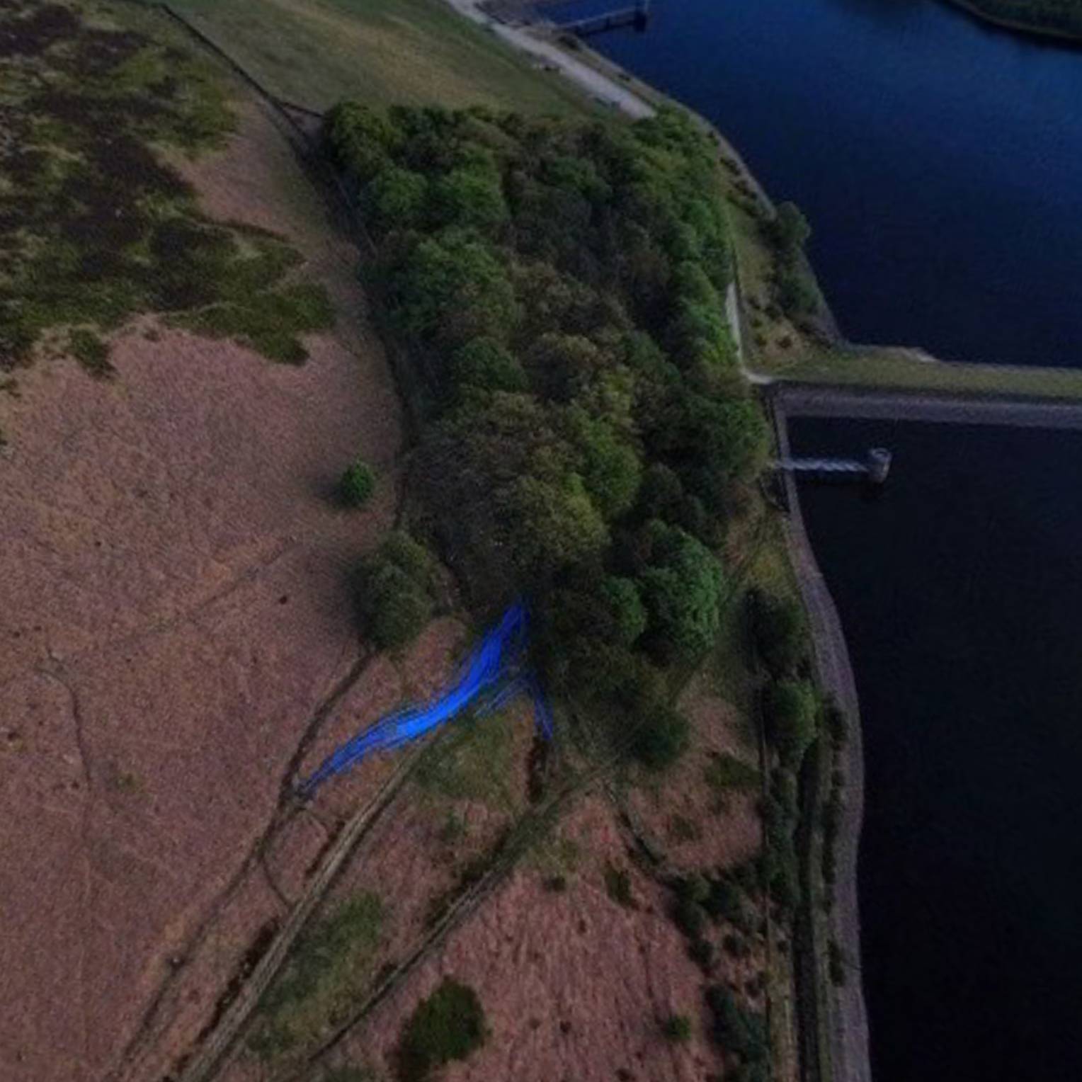 Someone I follow on Facebook took this with a drone. It's above Upper Dean Head reservoir near Halifax in West Yorkshire. I'm curious as to what the bright blue is...
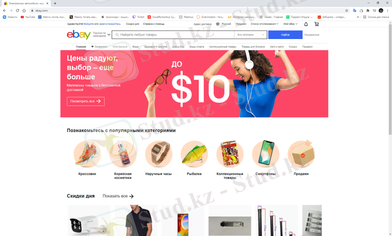 https://www. ebay. com/ Бұл интернет-дүкен Интернеттегі тауарлар мен қызметтерді сатуға арналған, осы интернет-дүкенде тауарларды бүкіл әлемнің адамдары мен компаниялары сатады, бірақ олардың көпшілігі Америка Құрама Штаттарының тұрғындары. Келесі бөлімдер бар: негізгі бөлімде жаңа және ұсынылған өнімдер бар, мысалы тауарлар санатына көшу: электроника, сән, сұлулық және денсаулық. Сонымен қатар басқа ресурстарға сілтеме бар; бұған қосымша сайтта сайт туралы ақпарат, байланыс деректері, төлем әдістері және сатып алушы талап ететін барлық қажетті қосымша ақпарат бар; әр каталог пайдаланушыларға навигация мен қажетті өнімді іздеуде ыңғайлы болу үшін кіші санаттарды қамтиды; тіркеуге сілтемелер, әзірлеушілер туралы, сайт картасы және басқалары парақтың төменгі колонтитулында орналасқан, яғни. төменгі бөлігінде. Бұл интернет-дүкен 1995 жылы 4 қыркүйекте Калифорния штатындағы Сан-Хосе қаласында жасалған, бағдарламашы Пьер Омидьяр өзінің жеке веб-сайтының бір бөлігі ретінде AuctionWeb атты онлайн аукцион құрды(1-сурет) .
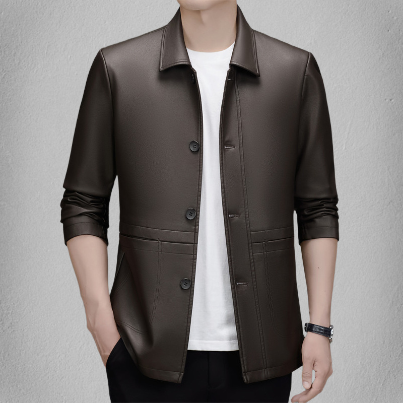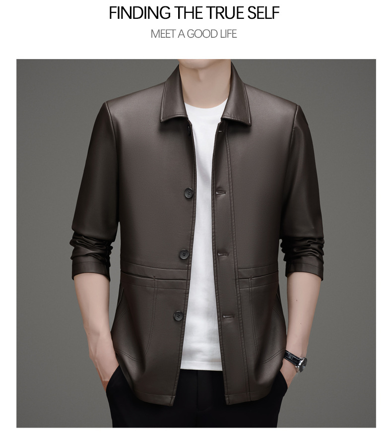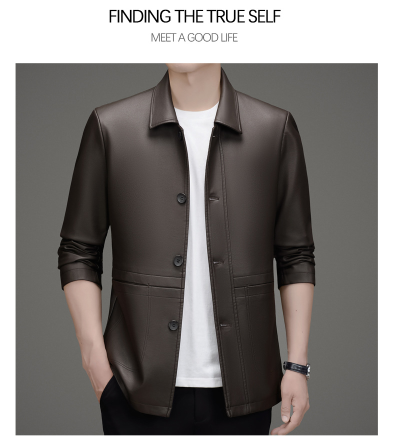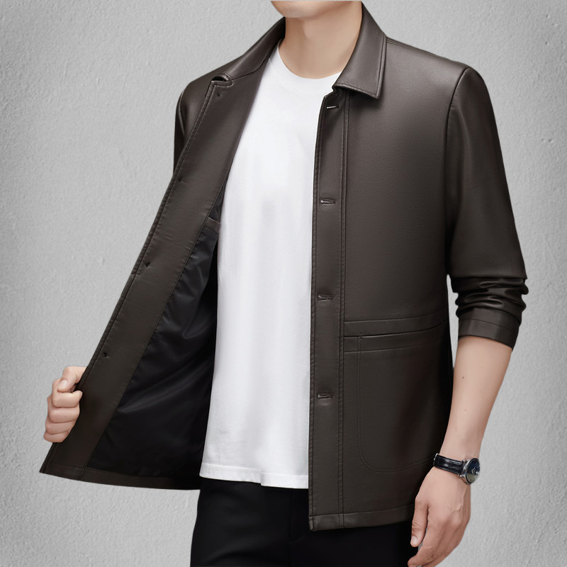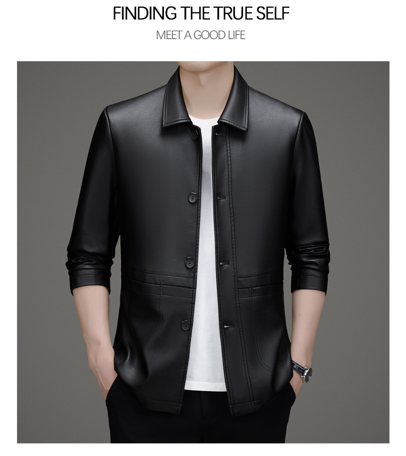 Áo khoác da nam dáng dài, thiết kế cổ bẻ, dành riêng cho mùa thu đông. Chất da mềm mại, bên trong được lót một lớp lông ấm áp, giúp giữ nhiệt tốt khi trời lạnh. Kiểu dáng nam tính, phù hợp mặc hằng ngày hoặc khi đi làm. Có thể phối cùng quần jeans và giày thể thao để tạo vẻ ngoại hình năng động. | Tên sản phẩm: Áo Da Nam Dày Ấm Hàng Mùa Xuân Thu Đông - Thời Trang Nam | Mã sản phẩm: B6497 - Giá: 1.540.000đ | Mã nhà sản xuất: SUDAP-G04Hình ảnh sản phẩm
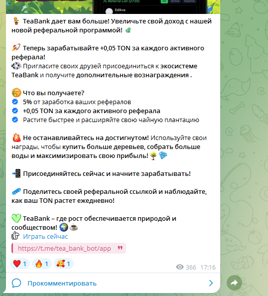 Обзор телеграмм-бота Tea Bank Bot, анализ деятельности игры teabank io отзывы о проекте «Теа Банк»
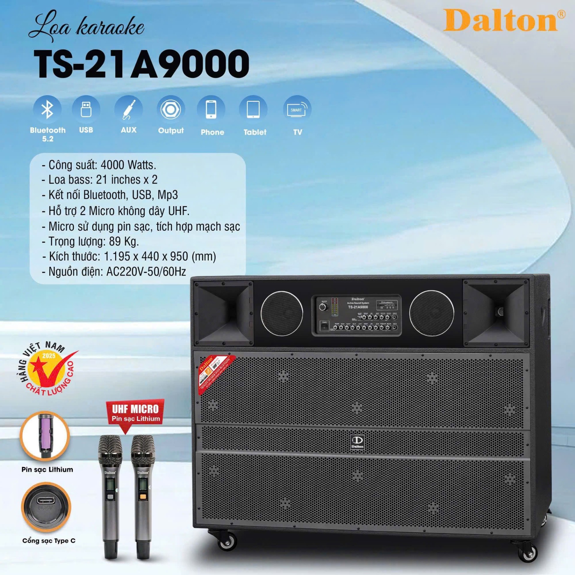 | Kết nối | Bluetooth 5.2, USB, AUX |

**Action item:** All the records above need to be given again word for word. Skip the pictures.

**Answer to the exercise:**
 Someone I follow on Facebook took this with a drone. It's above Upper Dean Head reservoir near Halifax in West Yorkshire. I'm curious as to what the bright blue is...
 https://www. ebay. com/ Бұл интернет-дүкен Интернеттегі тауарлар мен қызметтерді сатуға арналған, осы интернет-дүкенде тауарларды бүкіл әлемнің адамдары мен компаниялары сатады, бірақ олардың көпшілігі Америка Құрама Штаттарының тұрғындары. Келесі бөлімдер бар: негізгі бөлімде жаңа және ұсынылған өнімдер бар, мысалы тауарлар санатына көшу: электроника, сән, сұлулық және денсаулық. Сонымен қатар басқа ресурстарға сілтеме бар; бұған қосымша сайтта сайт туралы ақпарат, байланыс деректері, төлем әдістері және сатып алушы талап ететін барлық қажетті қосымша ақпарат бар; әр каталог пайдаланушыларға навигация мен қажетті өнімді іздеуде ыңғайлы болу үшін кіші санаттарды қамтиды; тіркеуге сілтемелер, әзірлеушілер туралы, сайт картасы және басқалары парақтың төменгі колонтитулында орналасқан, яғни. төменгі бөлігінде. Бұл интернет-дүкен 1995 жылы 4 қыркүйекте Калифорния штатындағы Сан-Хосе қаласында жасалған, бағдарламашы Пьер Омидьяр өзінің жеке веб-сайтының бір бөлігі ретінде AuctionWeb атты онлайн аукцион құрды(1-сурет) .
 Áo khoác da nam dáng dài, thiết kế cổ bẻ, dành riêng cho mùa thu đông. Chất da mềm mại, bên trong được lót một lớp lông ấm áp, giúp giữ nhiệt tốt khi trời lạnh. Kiểu dáng nam tính, phù hợp mặc hằng ngày hoặc khi đi làm. Có thể phối cùng quần jeans và giày thể thao để tạo vẻ ngoại hình năng động. | Tên sản phẩm: Áo Da Nam Dày Ấm Hàng Mùa Xuân Thu Đông - Thời Trang Nam | Mã sản phẩm: B6497 - Giá: 1.540.000đ | Mã nhà sản xuất: SUDAP-G04Hình ảnh sản phẩm
 Обзор телеграмм-бота Tea Bank Bot, анализ деятельности игры teabank io отзывы о проекте «Теа Банк»
 | Kết nối | Bluetooth 5.2, USB, AUX |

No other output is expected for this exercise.